Fuga en el siglo 23
(Cine)
(f.a.g.)
Hace días que tenía en la cabeza una película. No podía recordar el título. Me estaba torturando el tema. Le pregunté a miles de amigos describiendo el tema del filme. Nadie pudo recordarla. Y hoy le pregunto a un amigo y compañero de trabajo, un compañero jubilado y muy cinéfilo. Y me tira el título. Voy corriendo a mi biblioteca, y empiezo a sacar libros de ciencia ficción. Y nada. Empiezo a pensar dónde puse la novela. Puteo en mi soledad nocturna a todas mis ex novias y novias actuales que quizás se llevaron el libro. El año pasado al pelearme con una novia se llevó diez libros de mi biblioteca y estoy tentado de llamarla. Pero no hablamos hace meses y son las dos de la mañana. "Pendeja a vos te gusta la ciencia ficción", digo en el silencio de mi casa. Me siento triste y amargado. Y miro para arriba y veo en un estante polvoriento tres novelitas y agarro la escalera de metal y me subo. Y ahí apareció la novela de William F. Nolan. Me siento alegre y voy a mi computadora y busco el filme. Y estoy viendo ahora este clásico que tanto me marcó en mi adolescencia.
Michael Anderson, un director prolijo y muy jugado en cine, dirige en 1976 este filme que es uno de los más grandiosos filmes que ha dado Estados Unidos a la ciencia ficción. Es un filme distópico, esa literatura donde el mundo está partido y quebrado y la humanidad está sumergida y atascada en un sometimiento total. Es el siglo 23, una cúpula gigantesca es la ciudad que contiene a los sobrevivientes de una catástrofe del año 2274 que diezmó a la Tierra. Los habitantes de esa ciudad viven en el ocio y el placer.

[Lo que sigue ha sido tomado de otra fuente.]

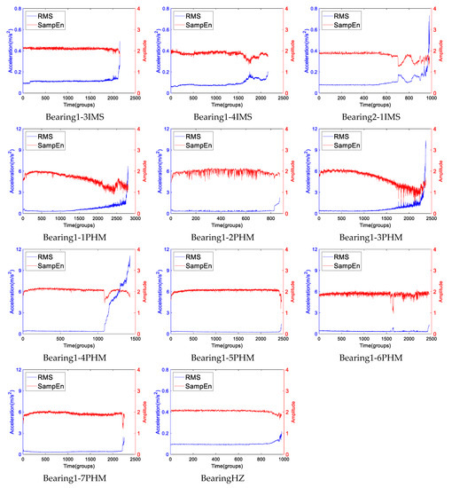 Among the aforementioned reviews, there are two degradation features which have been referred to, one is the energy features, the other is the complexity features, where the root mean square (RMS) and the Sample Entropy (SampEn) are two representatives. To show the fact that different run-to-failure data of bearings do not have a unified degradation trend, an example is presented below.

Las computadoras hacen el trabajo cotidiano, nadie cumple tarea laboral alguna. "Es la utopía de los anarquistas", dice la portada de la novela. Pero no nos engañemos, porque nada es lo que parece. Para mantener estable el número de habitantes la reproducción se realiza por clonación. Hasta ahí es una novela de la "felicidad". Al cumplir 30 años los habitantes de la ciudad se deben someter a un rito religioso (el Carrusel) que se celebra en un anfiteatro. Ahí desaparecen en el aire, y todos aplauden y gritan y están felices. Existe la esperanza de un nuevo renacimiento, de clonar en un nuevo ser si uno ha sido obediente a las leyes de ese Estado. Pero si alguien fue desobediente desaparece para siempre. Es un suicidio voluntario, reglamentado y obligatorio para todos los ciudadanos. Quienes se opongan cometen un delito penado severamente por las leyes. Pero no todos creen en el Estado y sus leyes. Algunos quieren huir y Logan es un policía envejecido (como si tuviera 30 años) por las computadoras para descubrir a un grupo clandestino que ayuda a huir a la gente de esa ciudad. Logan se hace amigo de Jessica 6 que es una líder de ese grupo. Hay un enamoramiento y juntos huyen de la ciudad, en busca de un lugar llamado el Santuario. Ahí está la verdad de todo, el Estado esconde un secreto. Son perseguidos por un amigo de Logan, Francis 7. Y fuera de la ciudad qué pasará. Lector no te cuento el final (estoy muy tentado), porque te pido que veas este filme o que leas la novela.
Lector no creas todo lo que el Estado te dice. No creas todo, porque el futuro ha llegado.
Fabián Ariel Gemelotti
(Martes 31 de marzo de 2020, tres de la madrugada)
Posdata: gracias Ernesto Vilches Porta por recordar el título. Sin ese aporte no podría haber escrito esto.